For each student, you can choose to claim only one of the credits in a single tax year. However, if you pay college expenses for two or more students in the same year, you can choose to take credits on a per-student, per-year basis. You can claim the American Opportunity Credit for your sophomore daughter and the Lifetime Learning Credit for your senior son.
You cannot claim the tuition and fees deduction for the same student in the same year that you claim the American Opportunity Credit or the Lifetime Learning Credit. You must choose to either take the credit or the deduction and should consider which is more beneficial for you.
For more information, visit the Tax Benefits for Education Information Center at www.irs.gov or check out Publication 970, Tax Benefits for Education, which can be downloaded at www.irs.gov or ordered by calling 800-TAX-FORM (800-829-3676).


IRS Tax Tips for 2011

Keep Good Records Now to Reduce Tax-Time Stress

You may not be thinking about your tax return right now, but summer is a great time to start planning for next year. Organized records not only make preparing your return easier, but may also remind you of relevant transactions, help you prepare a response if you receive an IRS notice, or substantiate items on your return if you are selected for an audit.
Here are a few things the IRS wants you to know about recordkeeping.
1. In most cases, the IRS does not require you to keep records in any special manner.
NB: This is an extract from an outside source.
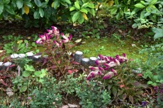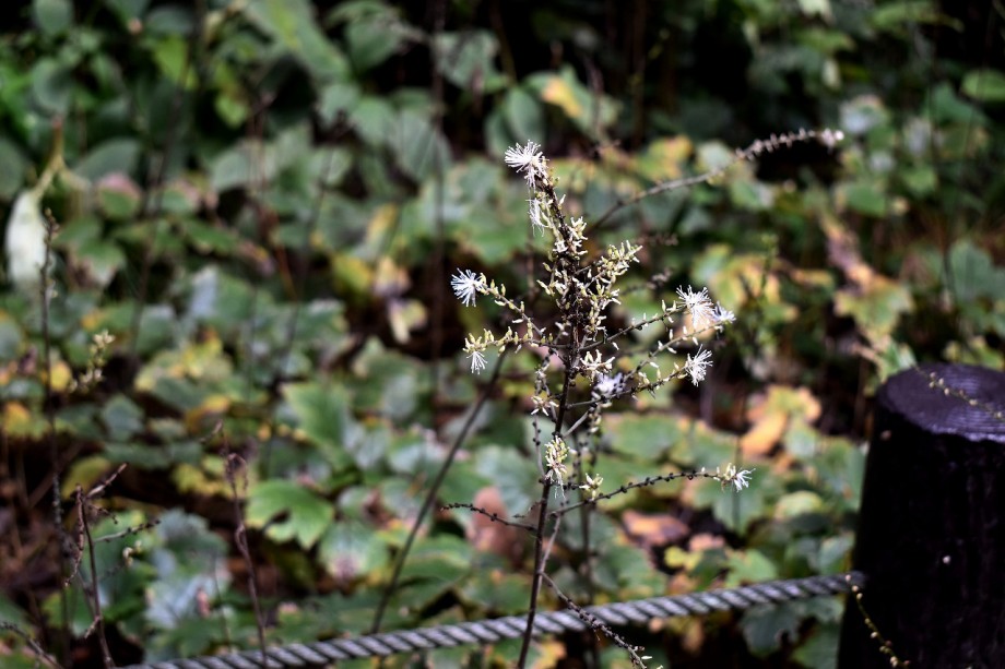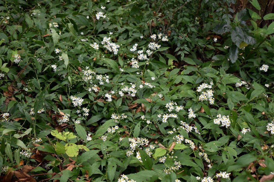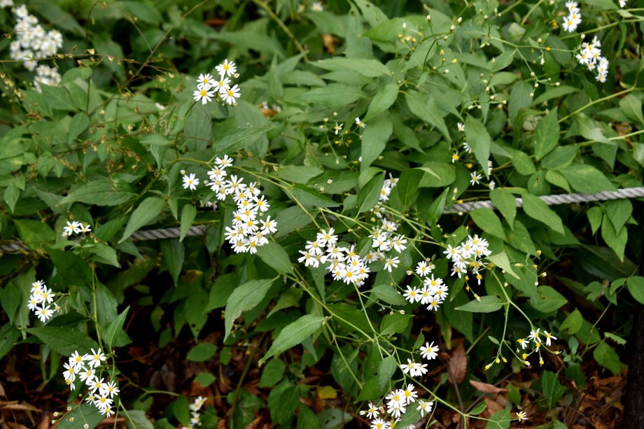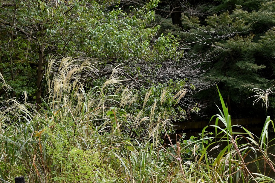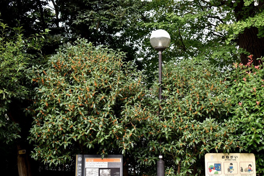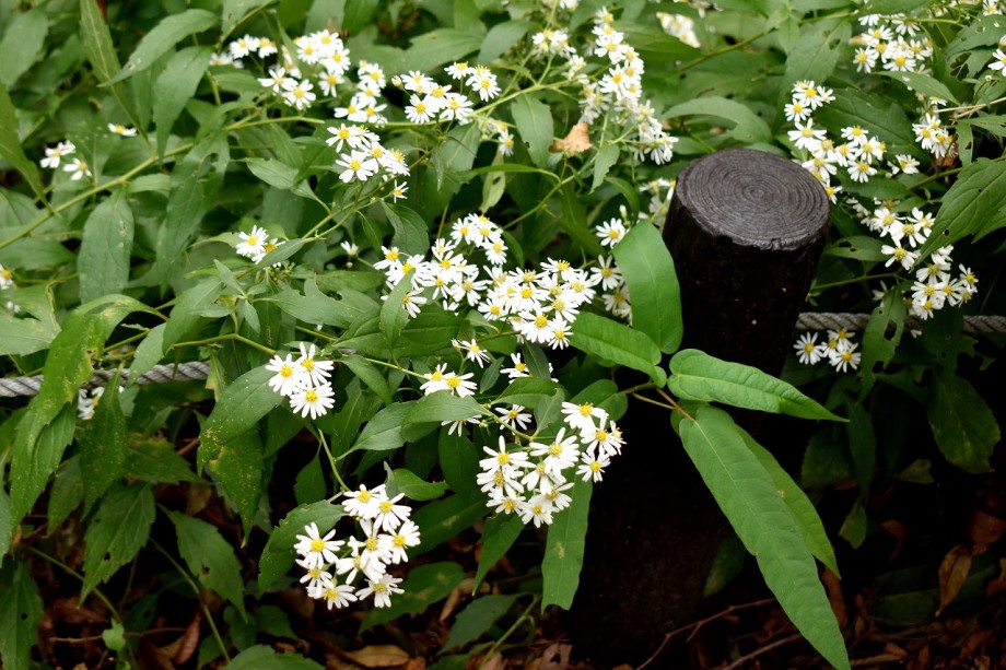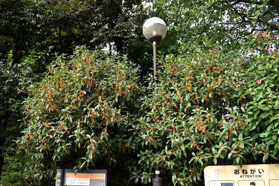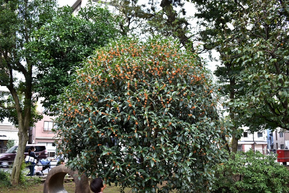 「一言」ドングリ遊園に金木犀が数本植えられていて花が咲いています。目黒通リ沿いにも金木犀が咲いていて良い香りがしています。 庭園には色々な花が咲いています。自然教育園にはアザミの花が咲いています。入り口にはユウガキクの花が一杯咲いています。 フジバカマやアキノウナギツカミなど可愛い花も咲いています。池にはセイダカアワダチソウが黄色い花を咲かせています。

Generally, you should keep any and all documents that may have an impact on your federal tax return. It’s a good idea to have a designated place for tax documents and receipts.
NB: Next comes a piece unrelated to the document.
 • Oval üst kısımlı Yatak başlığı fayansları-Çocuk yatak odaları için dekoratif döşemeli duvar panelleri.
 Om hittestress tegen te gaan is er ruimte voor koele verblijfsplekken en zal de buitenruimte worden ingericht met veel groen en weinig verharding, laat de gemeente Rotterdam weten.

2. Individual taxpayers should usually keep the following records supporting items on their tax returns for at least three years:
·    Bills
·    Credit card and other receipts
·    Invoices
·    Mileage logs
·    Canceled, imaged or substitute checks or any other proof of payment
·    Any other records to support deductions or credits you claim on your return
You should normally keep records relating to property until at least three years after you sell or otherwise dispose of the property. Examples include:
·    A home purchase or improvement
·    Stocks and other investments
·    Individual Retirement Arrangement transactions
·    Rental property records
3. If you are a small business owner, you must keep all your employment tax records for at least four years after the tax becomes due or is paid, whichever is later. Examples of important documents business owners should keep Include:
·    Gross receipts: Cash register tapes, bank deposit slips, receipt books, invoices, credit card charge slips and Forms 1099-MISC
·    Proof of purchases: Canceled checks, cash register tape receipts, credit card sales slips and invoices
·    Expense documents: Canceled checks, cash register tapes, account statements, credit card sales slips, invoices and petty cash slips for small cash payments
·    Documents to verify your assets: Purchase and sales invoices, real estate closing statements and canceled checks
For more information about recordkeeping, check out IRS Publication 552, Recordkeeping for Individuals, Publication 583, Starting a Business and Keeping Records, and Publication 463, Travel, Entertainment, Gift, and Car Expenses. These publications are available at www.IRS.gov or by calling 800-TAX-FORM (800-829-3676).